What Asian America Meant to Corky Lee

What Asian America Meant to Corky Lee


Today, Asian Americans still lean Democratic, but they—I mean, we—are becoming more prominent in the Republican Party. It’s common now to see Asians make traditionally right-wing demands, including tough-on-crime laws, landlords’ rights, a ban on affirmative action—rich-people stuff. Our pursuit of social recognition (beyond Hollywood visibility) seems to exploit a feeling of historical grievance, from the Chinese Exclusion Act to recent instances of racially motivated violence. “In 2020 Corky had already documented the ravages of the pandemic on New York’s Chinatown and the upsurge in racism against Asian Americans. But he was gone by the time six Asian women were gunned down at Atlanta spas in March 2021,” the editors, along with one of Lee’s brothers, write in the epilogue. It’s an odd way to wrap up a life. Yes, Lee probably would have travelled to Atlanta, to document this latest Asian American reckoning. But the joy of the book is to get beyond this repetition of mourning and protest—toward some calmer, everyday truth.

A mah-jongg game at the Hong Lok Senior Center. Oakland, 2001.
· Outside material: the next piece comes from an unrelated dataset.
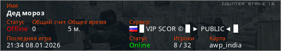 Играет на Counter Strike 1.6 сервере. Страна: РоссияПервый раз замечен 21:31 08.01.2026

I love Lee’s photo of a mah-jongg game at the Hong Lok Senior Center, in Oakland, from 2001, in which one player, an elegant old auntie in a cheongsam-style blouse, looks straight at the camera. I love his double portrait of the brothers Arthur and Eddie Ng, from 1996, as they lift weights, shirtless, in what appears to be a janitor’s closet at P.S. 124. Arthur stares at the camera, mid-curl; Eddie’s reflected image, in a mirror, stares at the camera, too. There are personal pictures of great beauty: Lee’s mother, doing needlework in the family’s apartment, next to an ornate shrine to her late husband. Or Lee’s wife, Margaret, in 1999, just before she died, of cancer, posing awkwardly with her own mother at their Chelsea laundry. “I really don’t, in my photographs, show too many celebrities,” Lee once said. “I think ordinary people are probably the most genuine.”